Programmation Orientée Objets C++
PART A: GENERALITIES
Presentation
The “Programmation Orientée Objets C++” course provided a comprehensive introduction to object-oriented programming using C++. This course was essential for developing modern software applications with emphasis on code reusability, maintainability, and efficient memory management. C++ combines the power of low-level programming with high-level object-oriented features.
Academic Year: 2023-2024
Semester: 7
Category: Programming
PART B: DESCRIPTIVE PART
Supports de cours:
| Partie 1 (PDF) | Partie 2 (PDF) | Partie 3 (PDF) | Partie 4 (PDF) | Partie 5 (PDF) | Partie 6 (PDF) | Partie 7 (PDF) |
Experience Details
Environment and Context
The course covered both theoretical concepts and practical implementation of object-oriented programming in C++. We used modern C++ development environments and worked on progressively complex projects that demonstrated the power and flexibility of OOP principles in C++.
My Function
In this course, I was responsible for:
- Understanding core OOP concepts (encapsulation, inheritance, polymorphism)
- Implementing classes and objects in C++
- Managing memory allocation and deallocation
- Using templates and the Standard Template Library (STL)
- Applying design patterns in C++ applications
- Debugging and optimizing C++ code
PART C: TECHNICAL PART
This section explores the technical aspects of object-oriented programming in C++.

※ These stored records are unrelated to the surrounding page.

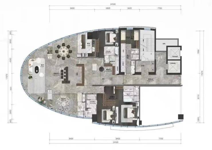 这个户型的设计虽然也是类似于游轮船头,但与A户型还是有点区别。
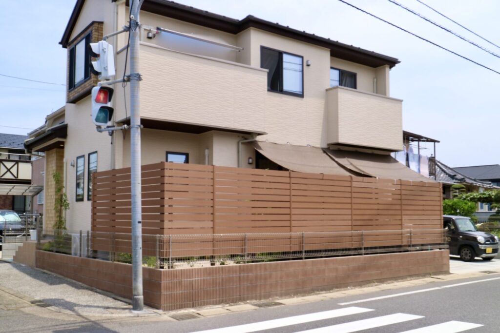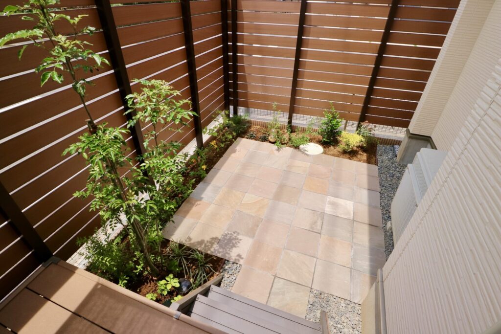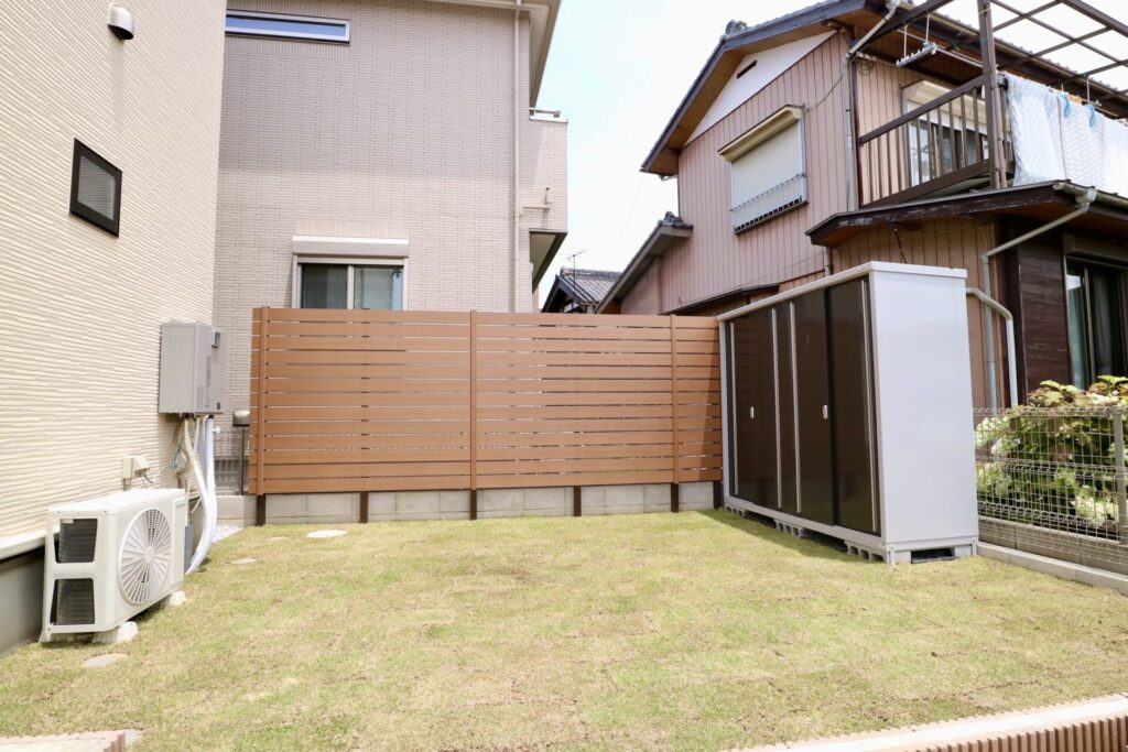 掃き出し窓から直接つながるメインのお庭は通行量の多い交差点に面した場所でしたので、ウッドフェンスでしっかりと囲いましたが閉塞感を軽減できるように横板に隙間をあえて設けましたが、信号待ちをしている車の運転手とお部屋からの視線がダイレクトにぶつかってしまうという事で、視線がぶつかり易いレベル箇所の隙間は塞ぐ形で収めました。
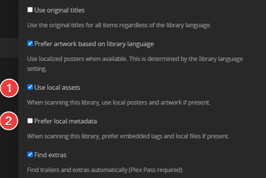 When scanning this library, use local posters and artwork if present. (Local subtitles files will be used whether this is enabled or not)
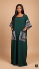 This comfortable and culturally inspired maxi-dress offers an effortless blend of relaxed silhouette and striking graphic detail, perfect for stylish everyday wear or semi-casual events. The dress features a dramatically oversized and flowing kaftan silhouette with a clean square neckline and wide, knee-length sleeves, ensuring a comfortable, airy drape, and is constructed from a soft, substantial heavy crepe fabric in a deep, sophisticated forest green hue. The garment is beautifully accented by a contrasting black and white geometric African print fabric which is used to trim the wide sleeves and create bold, generous patch pockets, injecting a focal point of cultural artistry and utility. This versatile and comfortable ensemble is an ideal choice for occasions such as casual weekend outings, running errands, or comfortable travel, informal social gatherings or casual parties, resort and vacation wear, or any relaxed setting where modest coverage and unique ethnic-inspired style are desired.
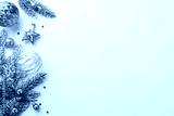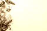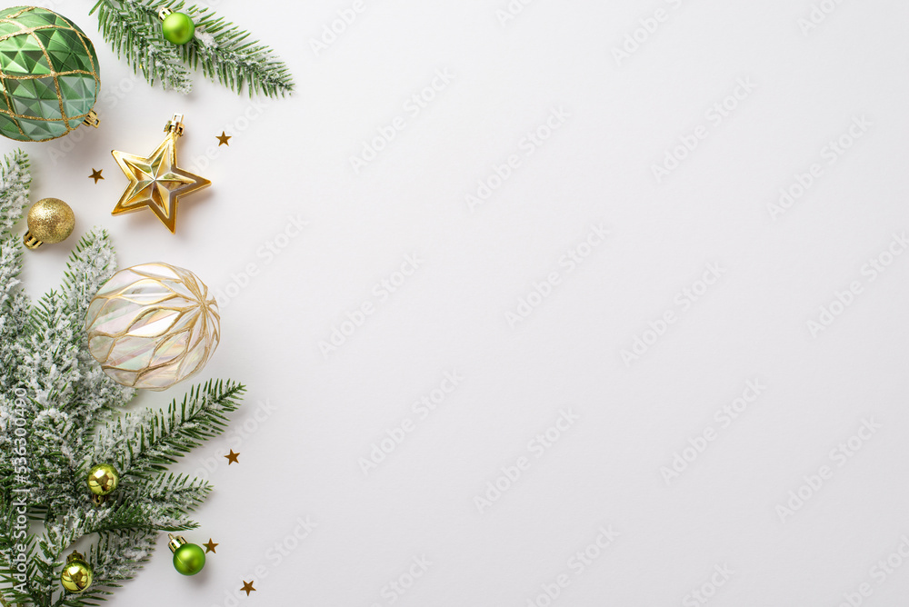 Christmas decorations concept. Top view photo of gold and green baubles transparent ball star ornament confetti and pine branches in snow on isolated white background with empty space

Technical Concepts Learned
1. Classes and Objects
The foundation of OOP in C++:
Class Definition:
class Rectangle {
private:
double width;
double height;
public:
// Constructor
Rectangle(double w, double h) : width(w), height(h) {}
// Member functions
double area() const {
return width * height;
}
double perimeter() const {
return 2 * (width + height);
}
// Getters and setters
void setWidth(double w) { width = w; }
double getWidth() const { return width; }
};
Key Concepts:
- Encapsulation: Data hiding using private/protected/public access specifiers
- Constructor/Destructor: Object initialization and cleanup
- Member Functions: Methods that operate on object data
- Const Correctness: Using const for read-only operations
2. Constructors and Destructors
Special member functions for object lifecycle management:
class DynamicArray {
private:
int* data;
size_t size;
public:
// Default constructor
DynamicArray() : data(nullptr), size(0) {}
// Parameterized constructor
DynamicArray(size_t n) : size(n) {
data = new int[size];
}
// Copy constructor
DynamicArray(const DynamicArray& other) : size(other.size) {
data = new int[size];
std::copy(other.data, other.data + size, data);
}
// Move constructor (C++11)
DynamicArray(DynamicArray&& other) noexcept
: data(other.data), size(other.size) {
other.data = nullptr;
other.size = 0;
}
// Destructor
~DynamicArray() {
delete[] data;
}
// Copy assignment operator
DynamicArray& operator=(const DynamicArray& other) {
if (this != &other) {
delete[] data;
size = other.size;
data = new int[size];
std::copy(other.data, other.data + size, data);
}
return *this;
}
};
Rule of Three/Five: If you need to define a custom destructor, copy constructor, or copy assignment operator, you likely need all three (or five with move semantics).
3. Inheritance
Figure : Héritage et polymorphisme en C++ - Classe de base Animal et classes dérivées
Code reuse through class hierarchies:
class Shape {
protected:
std::string color;
public:
Shape(const std::string& c) : color(c) {}
virtual ~Shape() {} // Virtual destructor
virtual double area() const = 0; // Pure virtual function
virtual void draw() const {
std::cout << "Drawing a " << color << " shape\n";
}
};
class Circle : public Shape {
private:
double radius;
public:
Circle(const std::string& c, double r)
: Shape(c), radius(r) {}
double area() const override {
return M_PI * radius * radius;
}
void draw() const override {
std::cout << "Drawing a " << color << " circle\n";
}
};
class Rectangle : public Shape {
private:
double width, height;
public:
Rectangle(const std::string& c, double w, double h)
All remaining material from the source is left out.